Sql-server – AlwaysOn AG versus FCI

availability-groupsazureclusteringhigh-availabilitysql server

Throughout MS documentation for AlwaysOn Availability Groups (AG) and AlwaysOn Failover Cluster Instances (FCI) I see the following pattern:

  1. FCI is for HA scenarios.
  2. An AG synchronous secondary replica, co-located with the primary, is for HA scenarios.
  3. An AG asynchronous secondary replica, in a different datacenter, is for DR scenarios.

Here is an example MS link discussing this.

Since option #1 and #2 are both for HA scenarios, how do I decide between them?
If MS published costs and RPO/RTO metrics for both #1 and #2, it would be fairly easy to decide which I want.

Or perhaps there is a different way to understand the ROI differences between these options. For example, perhaps option #2 is best suited for VLDB's and option #1 is best suited for very high transaction volumes. I don't know.

So again, what is the selection criteria a DBA uses to choose between options #1 and #2?

To further complicate things, I know that options #1 and #2 can be combined! When is it wise to combine the two options? When is it pointless to combine the two options? I know when these options are combined, the AG no longer supports automatic fail-over. It's interesting trivia, but doesn't answer my question.

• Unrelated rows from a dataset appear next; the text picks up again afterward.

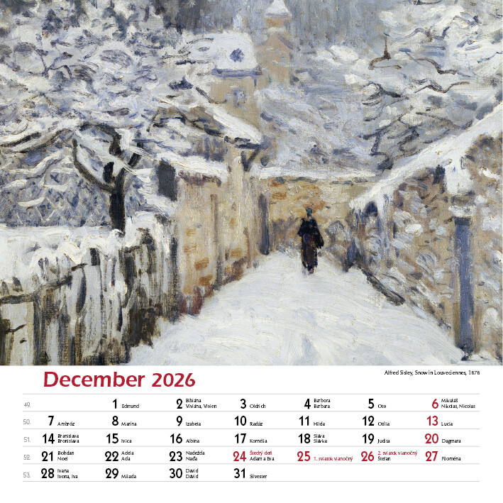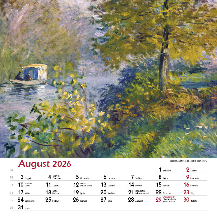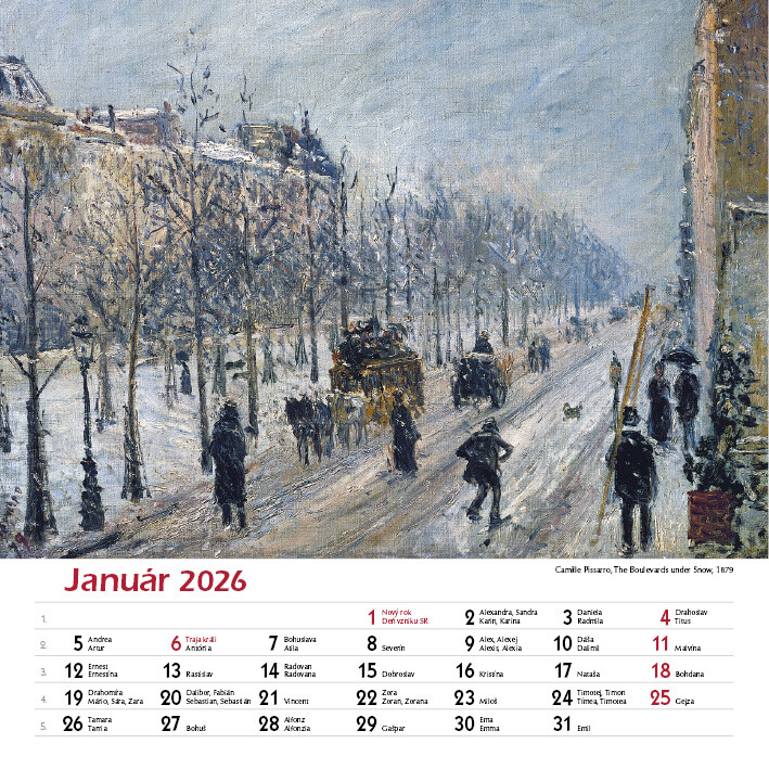 Zažijte rok s největšími impresionisty. Objevte krásu impresionismu každý měsíc s výběrem děl nejslavnějších mistrů tohoto uměleckého směru. Světlo, barvy a emoce zachycené štětci Clauda Moneta, Pierra-Augusta Renoira, Paula Gauguina a dalších vás budou provázet celým rokem. Ideální dárek pro milovníky umění.
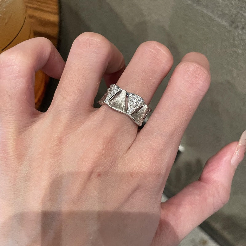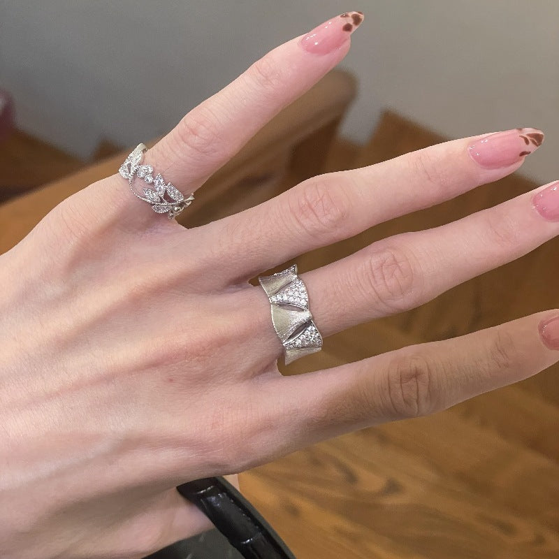 French light luxury Italian medieval style ginkgo leaf diamond brushed ring irregular design niche simple hand jewelry
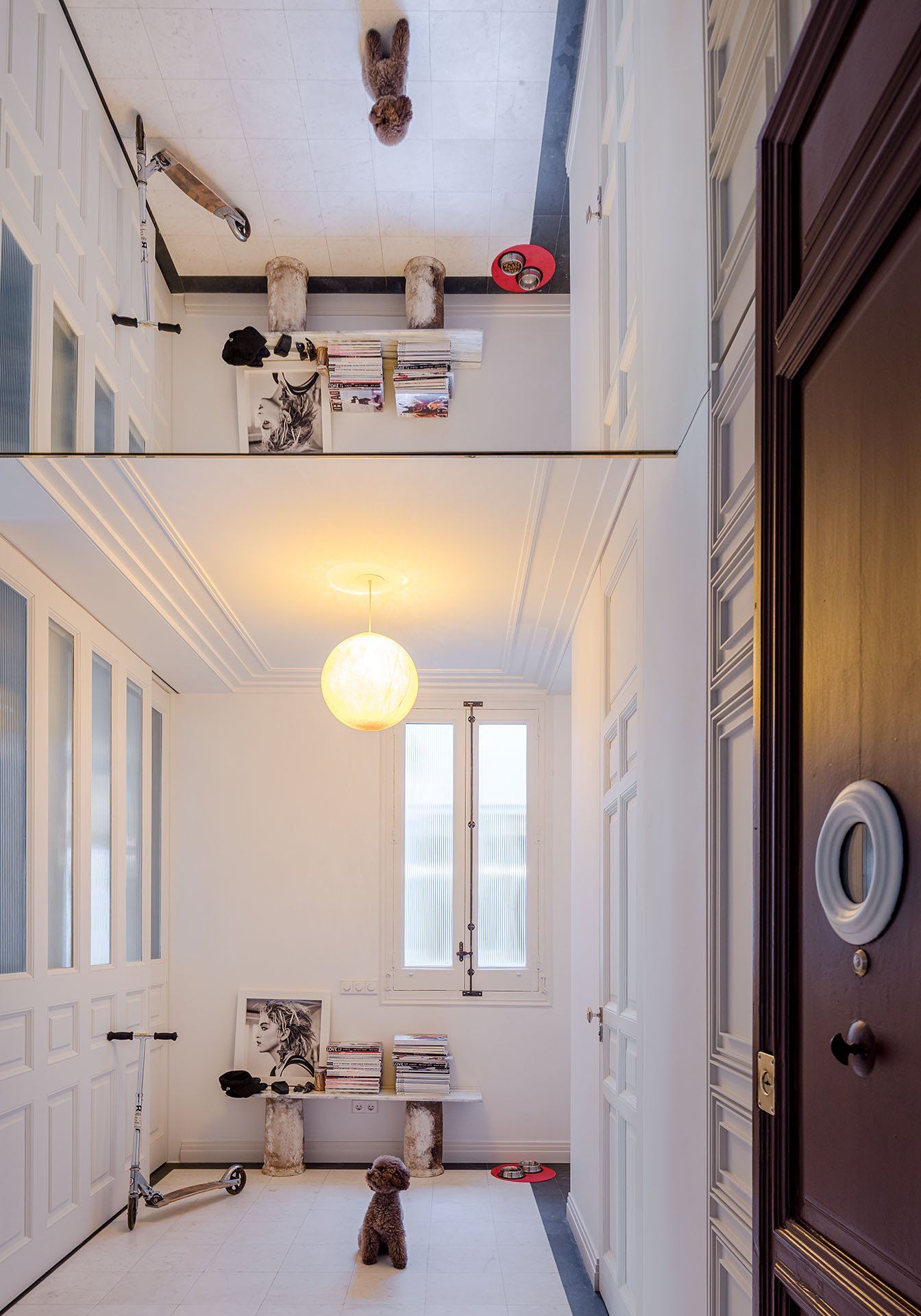 The second strategy seeks to carry out spatial operations of great depth in accordance with contemporary lifestyles, such as establishing continuous and fluid connections between all the rooms of the house thanks to the demolition of partitions and the atomization of certain pieces. As, for example, the bathrooms where the toilet is separated from the shower and sink, blurring the boundaries between public and private, or the interior and exterior. Mirrors have also been introduced, strategically placed, which are intended to generate optical illusions that duplicate and expand the rooms.

Incidentally, I intend on provisioning my final solution into Azure IaaS. If I use an Always On FCI, I will likely create the quasi-SAN using Storage Spaces Direct (S2D).

Update

I've found two articles that give a comparison. The first is MS docs, and the other is Choosing the Right Availability Tech. Both have a chart like this:

╔═════════════════════════════╦══════════════════════════╗
║ FCI                         ║ AG                       ║
╠═════════════════════════════╬══════════════════════════╣
║  * Server Level             ║  * Database Level        ║
╠═════════════════════════════╬══════════════════════════╣
║  * Requires shared storage  ║  * Uses direct           ║
║     (SAN or Storage Spaces  ║     attached storage     ║
║     Direct)                 ║                          ║
╠═════════════════════════════╬══════════════════════════╣
║  * RTO from 30              ║  * RTO typically less    ║
║     seconds to 20 minutes.  ║     than 30 seconds      ║
╠═════════════════════════════╬══════════════════════════╣
║  * RPO: no data loss.       ║  * RPO: ???              ║
╠═════════════════════════════╬══════════════════════════╣
║  * Only Passive Secondaries ║  * Active or Passive     ║
║                             ║     Secondaries          ║
╠═════════════════════════════╬══════════════════════════╣
║  * One SQL Server           ║  * Multiple SQL Server   ║
║     instance/license        ║     instances / licenses ║
╚═════════════════════════════╩══════════════════════════╝

The article didn't comment on AG RPO, but I read elsewhere that there is no data loss when recovering from a synchronous secondary replica. I don't know if that is true and I don't know what the RPO of asynchronous secondary replica might be. In Azure there is an AG resource that requires two domain controllers are created with the AG (regardless if you have your own domain controllers). I don't know if an Azure FCI has the same heavy-handed requirement.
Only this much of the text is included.